▶ [EXERCISE DIRECTIONS]: Exactly the lines below, starting with the one containing "Coppia di sgabelli" and going on through the one containing "베네치아 본섬 중심에", must be reproduced, both ends included, and no pictures with them.

▶ [LISTED ENTRIES]:
━━━━━━━━━━
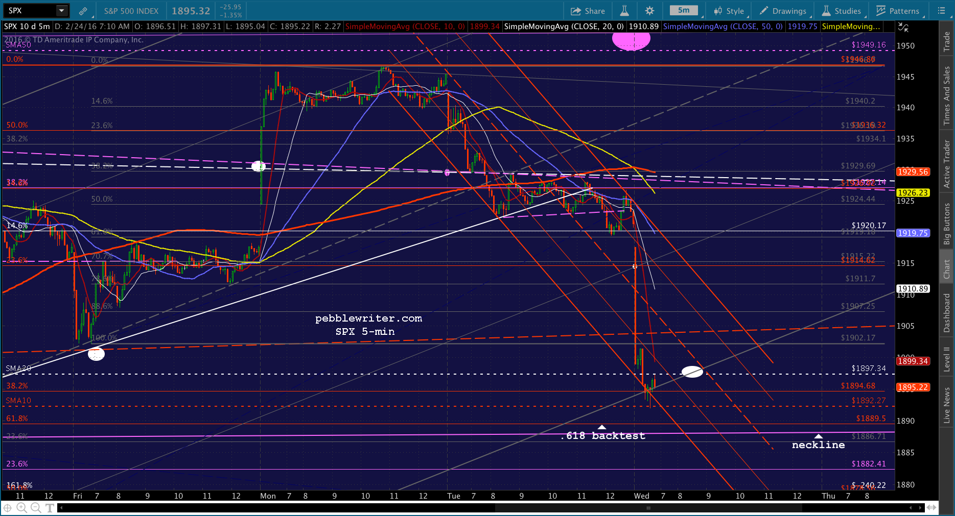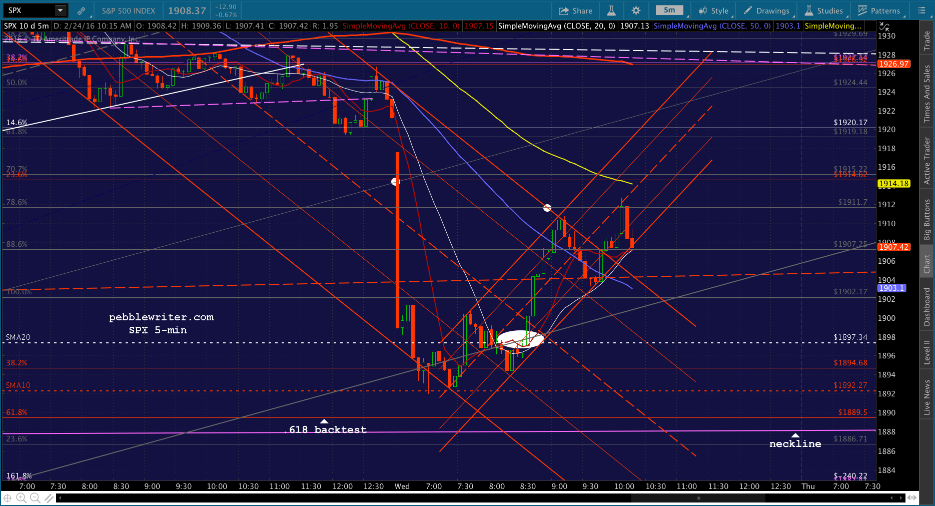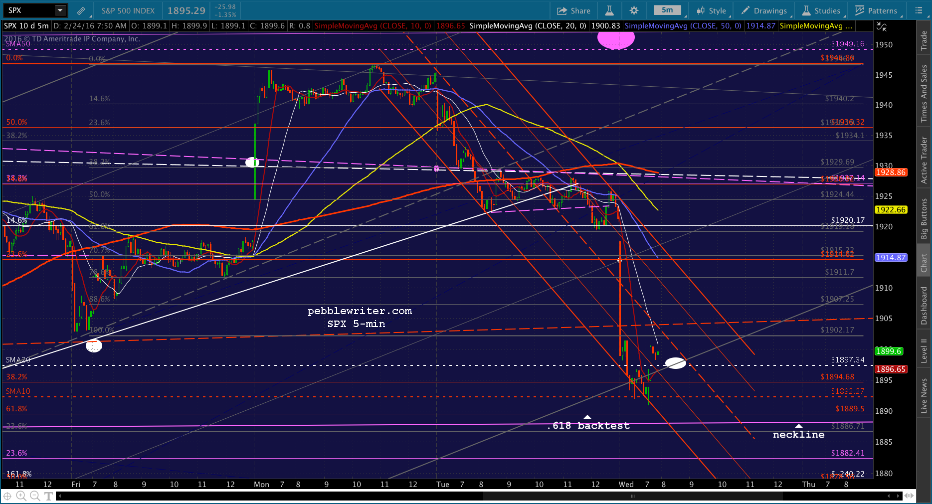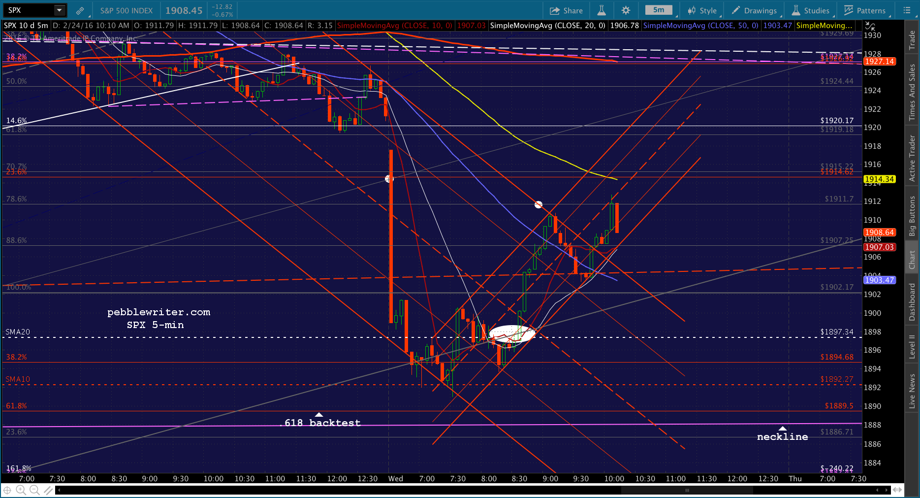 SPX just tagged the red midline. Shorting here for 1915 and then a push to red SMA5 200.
━━━━━━━━━━
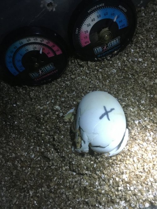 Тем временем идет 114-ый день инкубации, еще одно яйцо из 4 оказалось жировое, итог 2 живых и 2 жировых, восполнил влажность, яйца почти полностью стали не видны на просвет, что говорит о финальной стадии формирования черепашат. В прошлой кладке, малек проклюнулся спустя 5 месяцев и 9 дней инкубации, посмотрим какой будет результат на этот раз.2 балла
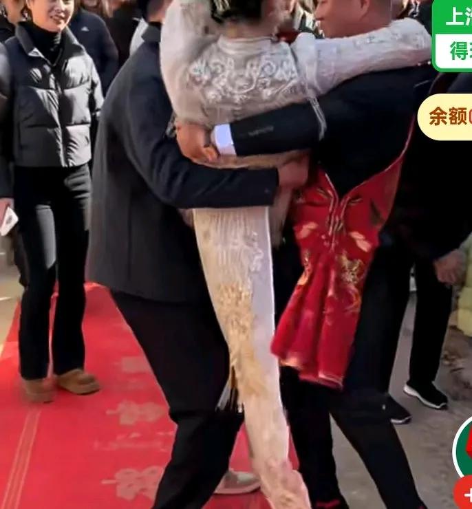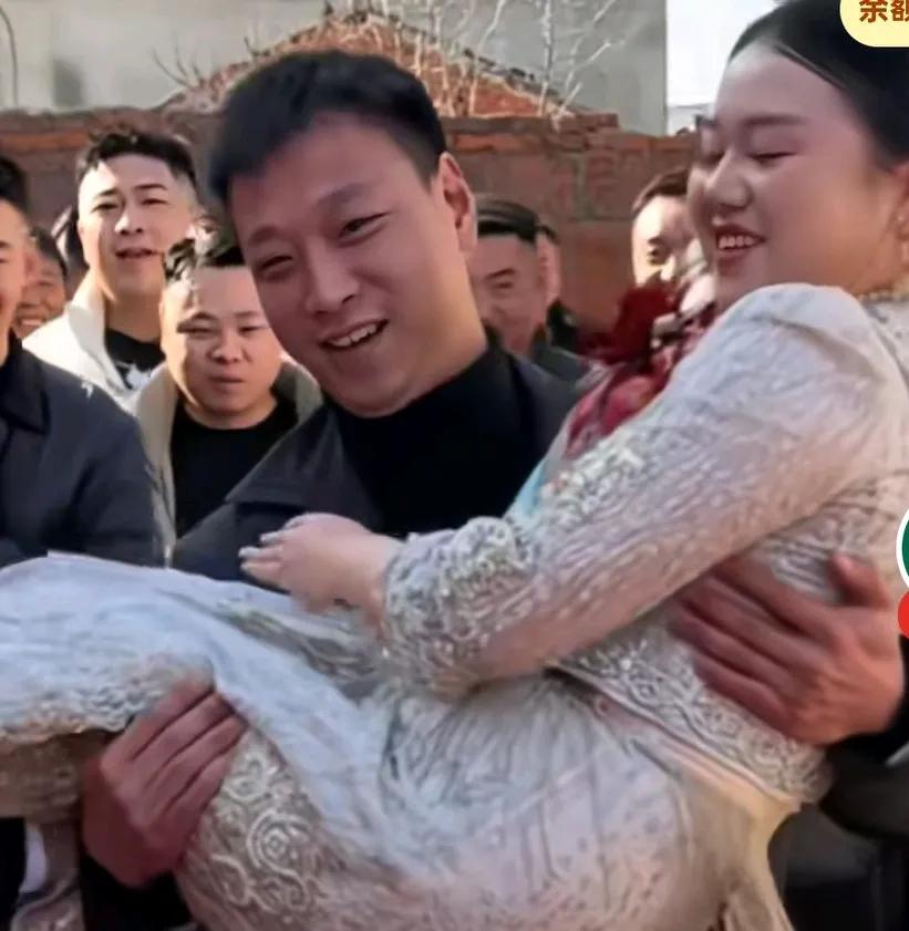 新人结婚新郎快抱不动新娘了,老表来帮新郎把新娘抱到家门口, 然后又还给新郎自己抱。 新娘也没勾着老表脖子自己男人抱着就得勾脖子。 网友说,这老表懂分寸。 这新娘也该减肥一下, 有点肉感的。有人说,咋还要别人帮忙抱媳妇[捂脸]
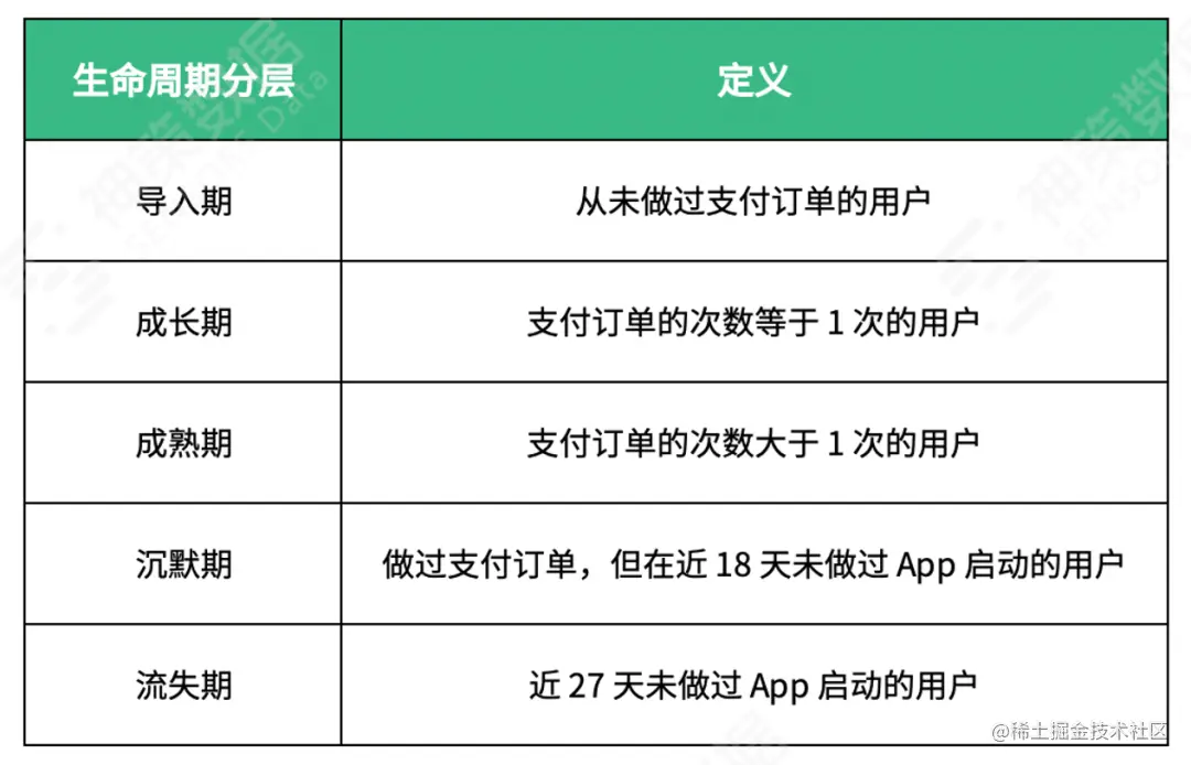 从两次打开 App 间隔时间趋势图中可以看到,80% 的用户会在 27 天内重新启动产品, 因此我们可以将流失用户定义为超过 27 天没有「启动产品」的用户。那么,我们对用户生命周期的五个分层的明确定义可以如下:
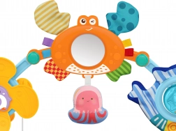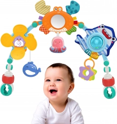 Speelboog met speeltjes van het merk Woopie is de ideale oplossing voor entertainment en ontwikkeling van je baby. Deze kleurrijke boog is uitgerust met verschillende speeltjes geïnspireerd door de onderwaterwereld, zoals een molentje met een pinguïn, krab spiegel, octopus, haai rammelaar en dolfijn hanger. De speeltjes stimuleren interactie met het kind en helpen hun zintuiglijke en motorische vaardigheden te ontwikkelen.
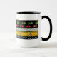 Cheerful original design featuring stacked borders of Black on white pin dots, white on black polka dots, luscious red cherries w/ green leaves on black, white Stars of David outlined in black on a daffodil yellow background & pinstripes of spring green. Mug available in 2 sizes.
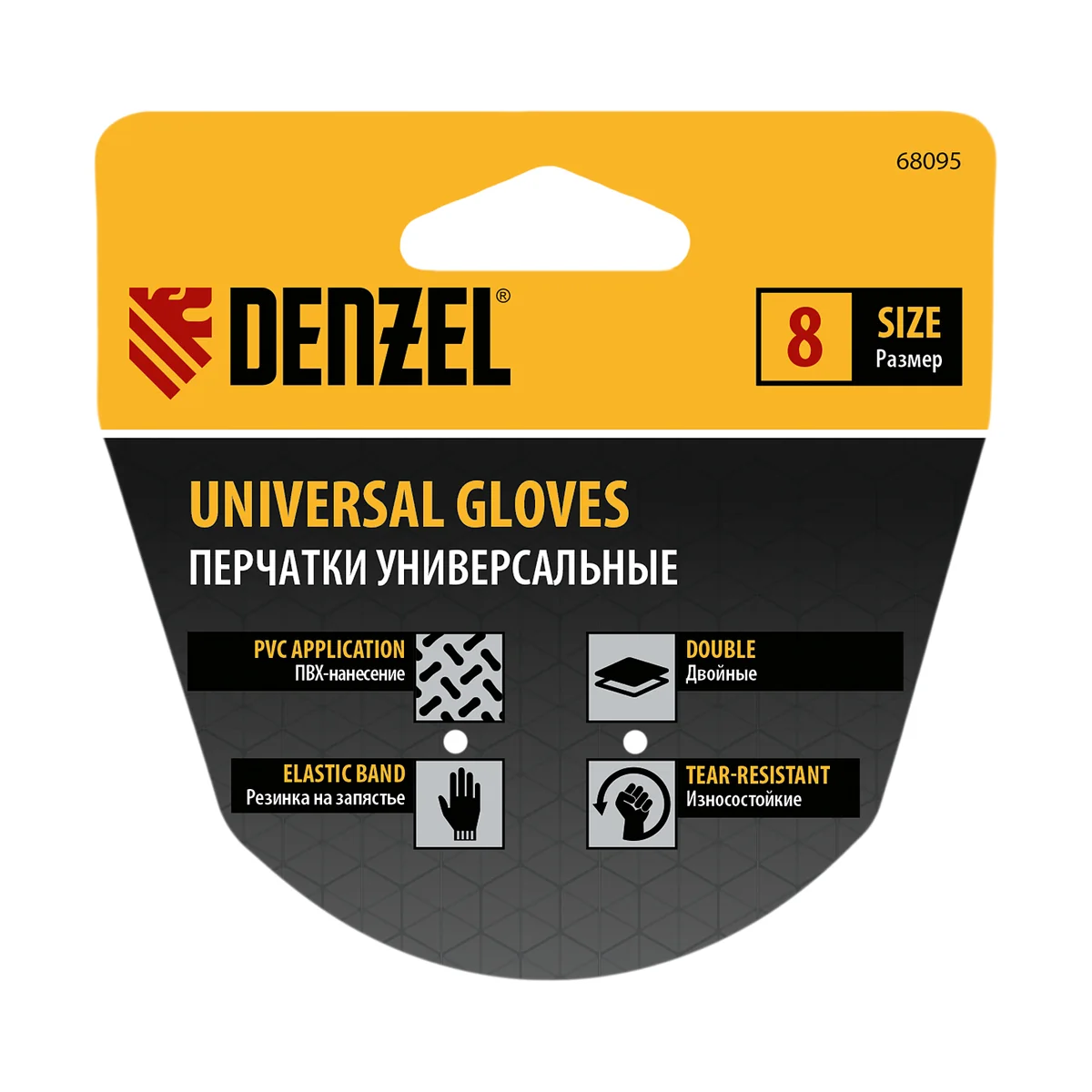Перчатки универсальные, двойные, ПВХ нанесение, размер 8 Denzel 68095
━━━━━━━━━━
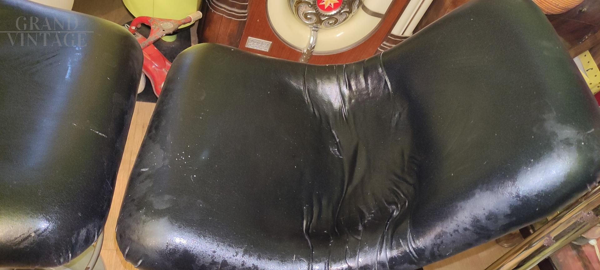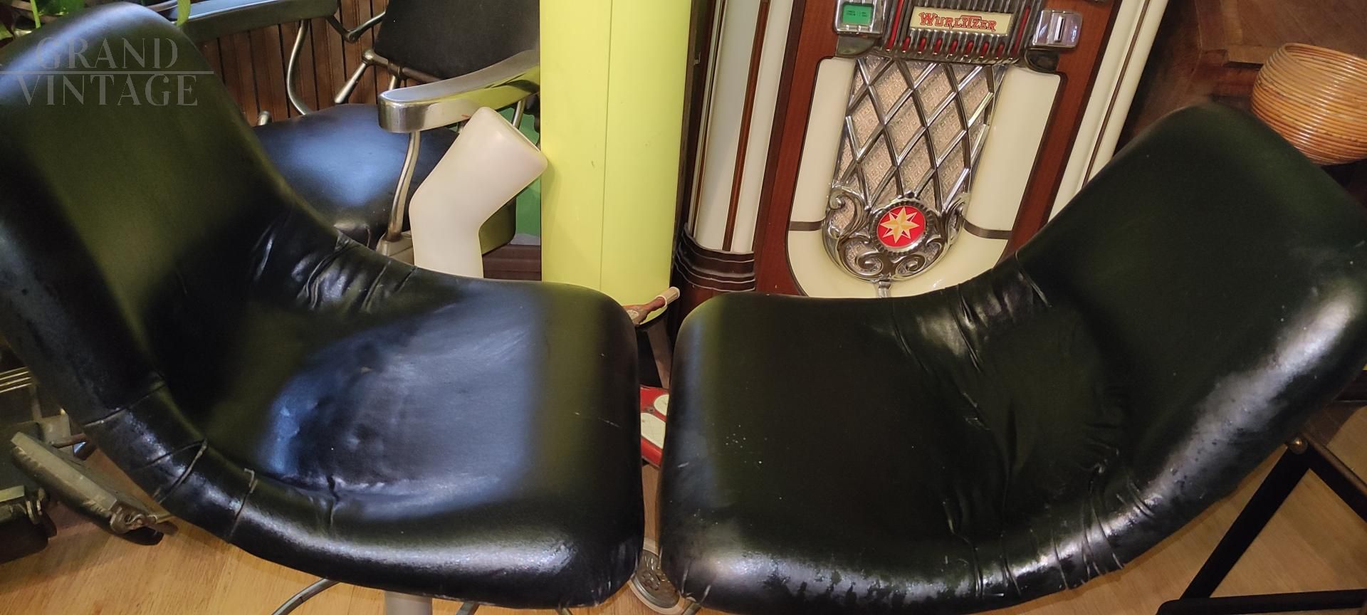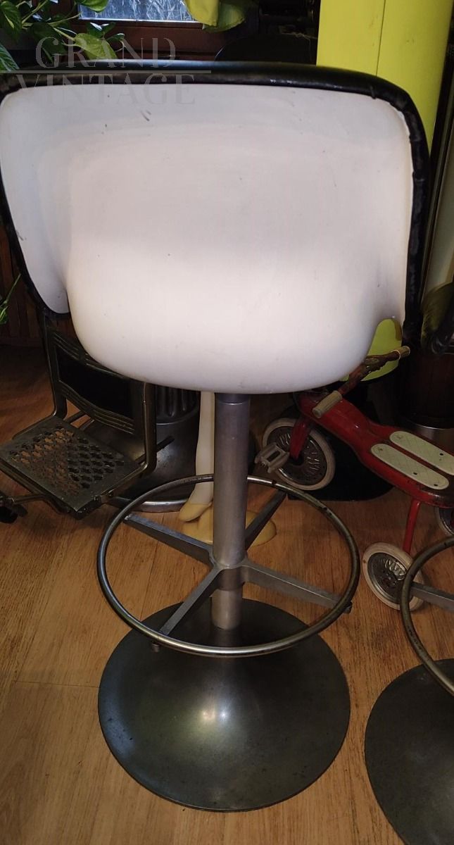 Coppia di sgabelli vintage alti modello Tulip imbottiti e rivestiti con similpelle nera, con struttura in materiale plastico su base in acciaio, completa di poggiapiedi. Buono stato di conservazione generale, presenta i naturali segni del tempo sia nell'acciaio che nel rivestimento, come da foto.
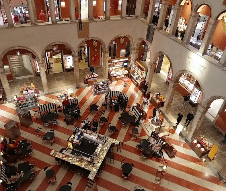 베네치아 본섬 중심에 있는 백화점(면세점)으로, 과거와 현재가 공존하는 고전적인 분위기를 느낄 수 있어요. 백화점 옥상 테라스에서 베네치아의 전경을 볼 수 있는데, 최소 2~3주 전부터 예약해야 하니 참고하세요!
━━━━━━━━━━
▶ [EXERCISE ANSWER]:
 Coppia di sgabelli vintage alti modello Tulip imbottiti e rivestiti con similpelle nera, con struttura in materiale plastico su base in acciaio, completa di poggiapiedi. Buono stato di conservazione generale, presenta i naturali segni del tempo sia nell'acciaio che nel rivestimento, come da foto.
 베네치아 본섬 중심에 있는 백화점(면세점)으로, 과거와 현재가 공존하는 고전적인 분위기를 느낄 수 있어요. 백화점 옥상 테라스에서 베네치아의 전경을 볼 수 있는데, 최소 2~3주 전부터 예약해야 하니 참고하세요!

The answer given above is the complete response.